| Work item |
This exercise asks for an exact copy of every entry below, with pictures omitted.

===== Exercise input =====

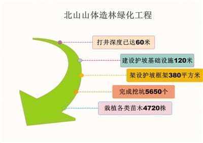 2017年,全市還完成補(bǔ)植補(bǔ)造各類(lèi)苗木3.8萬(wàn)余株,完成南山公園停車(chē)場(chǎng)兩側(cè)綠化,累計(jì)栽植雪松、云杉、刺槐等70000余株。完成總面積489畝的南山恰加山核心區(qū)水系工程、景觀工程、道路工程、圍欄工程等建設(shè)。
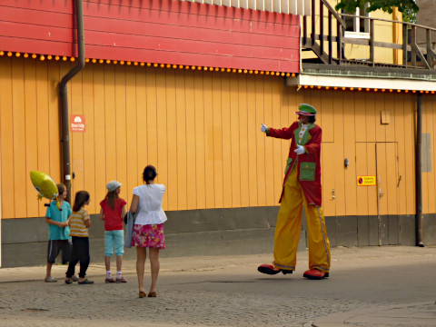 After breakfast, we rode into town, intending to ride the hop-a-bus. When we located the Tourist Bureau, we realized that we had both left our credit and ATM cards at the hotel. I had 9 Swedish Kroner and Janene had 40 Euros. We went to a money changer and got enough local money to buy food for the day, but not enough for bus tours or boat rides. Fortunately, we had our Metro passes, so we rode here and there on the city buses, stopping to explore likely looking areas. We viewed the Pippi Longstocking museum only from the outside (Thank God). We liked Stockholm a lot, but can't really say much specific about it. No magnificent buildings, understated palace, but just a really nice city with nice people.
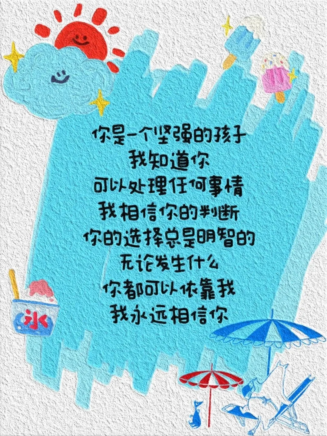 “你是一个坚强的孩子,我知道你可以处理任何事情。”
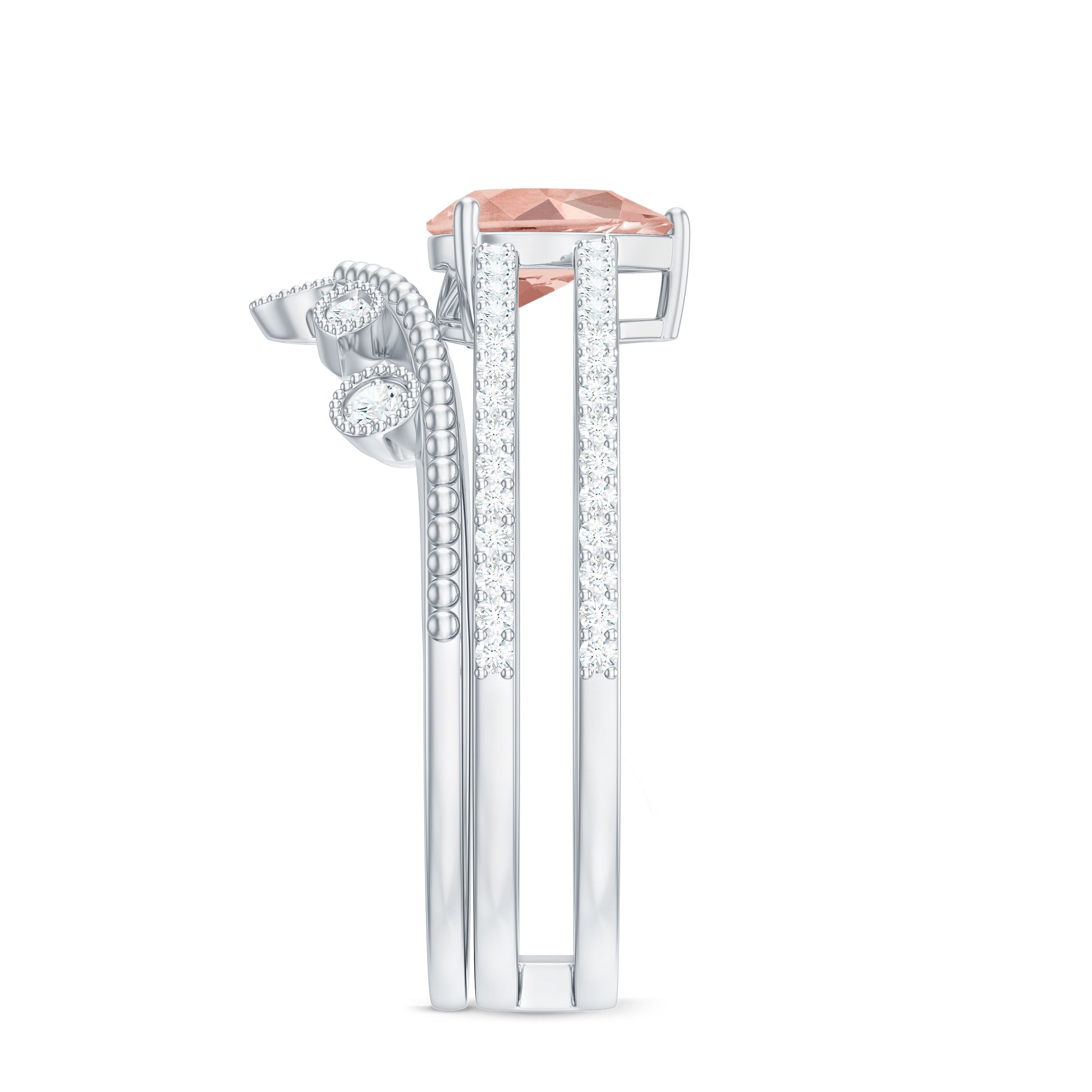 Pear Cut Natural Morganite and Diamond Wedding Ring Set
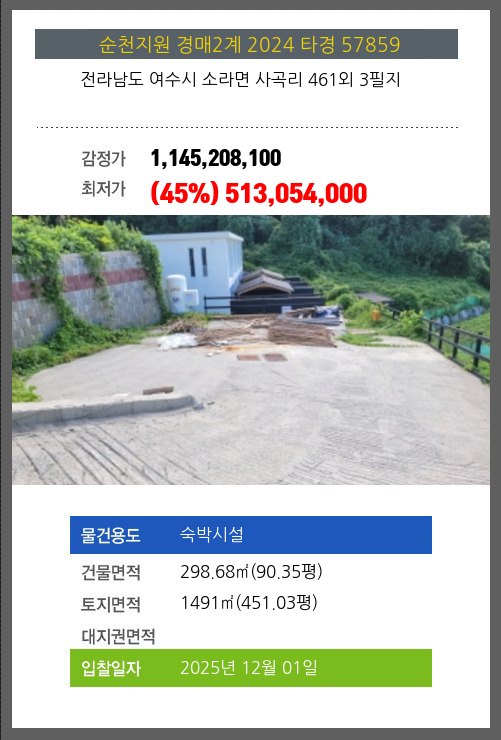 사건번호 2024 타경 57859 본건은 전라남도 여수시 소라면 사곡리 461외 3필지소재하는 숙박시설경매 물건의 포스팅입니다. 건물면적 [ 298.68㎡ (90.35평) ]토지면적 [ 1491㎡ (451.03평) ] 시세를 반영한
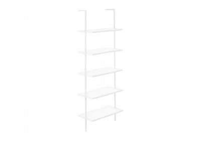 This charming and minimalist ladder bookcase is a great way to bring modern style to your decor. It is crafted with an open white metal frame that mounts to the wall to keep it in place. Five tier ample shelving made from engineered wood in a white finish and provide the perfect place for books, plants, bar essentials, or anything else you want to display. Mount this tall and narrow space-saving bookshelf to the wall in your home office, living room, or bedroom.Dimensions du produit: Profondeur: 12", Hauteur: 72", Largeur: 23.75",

=====

| Response area |
 2017年,全市還完成補(bǔ)植補(bǔ)造各類(lèi)苗木3.8萬(wàn)余株,完成南山公園停車(chē)場(chǎng)兩側(cè)綠化,累計(jì)栽植雪松、云杉、刺槐等70000余株。完成總面積489畝的南山恰加山核心區(qū)水系工程、景觀工程、道路工程、圍欄工程等建設(shè)。
 After breakfast, we rode into town, intending to ride the hop-a-bus. When we located the Tourist Bureau, we realized that we had both left our credit and ATM cards at the hotel. I had 9 Swedish Kroner and Janene had 40 Euros. We went to a money changer and got enough local money to buy food for the day, but not enough for bus tours or boat rides. Fortunately, we had our Metro passes, so we rode here and there on the city buses, stopping to explore likely looking areas. We viewed the Pippi Longstocking museum only from the outside (Thank God). We liked Stockholm a lot, but can't really say much specific about it. No magnificent buildings, understated palace, but just a really nice city with nice people.
 “你是一个坚强的孩子,我知道你可以处理任何事情。”
 Pear Cut Natural Morganite and Diamond Wedding Ring Set
 사건번호 2024 타경 57859 본건은 전라남도 여수시 소라면 사곡리 461외 3필지소재하는 숙박시설경매 물건의 포스팅입니다. 건물면적 [ 298.68㎡ (90.35평) ]토지면적 [ 1491㎡ (451.03평) ] 시세를 반영한
 This charming and minimalist ladder bookcase is a great way to bring modern style to your decor. It is crafted with an open white metal frame that mounts to the wall to keep it in place. Five tier ample shelving made from engineered wood in a white finish and provide the perfect place for books, plants, bar essentials, or anything else you want to display. Mount this tall and narrow space-saving bookshelf to the wall in your home office, living room, or bedroom.Dimensions du produit: Profondeur: 12", Hauteur: 72", Largeur: 23.75",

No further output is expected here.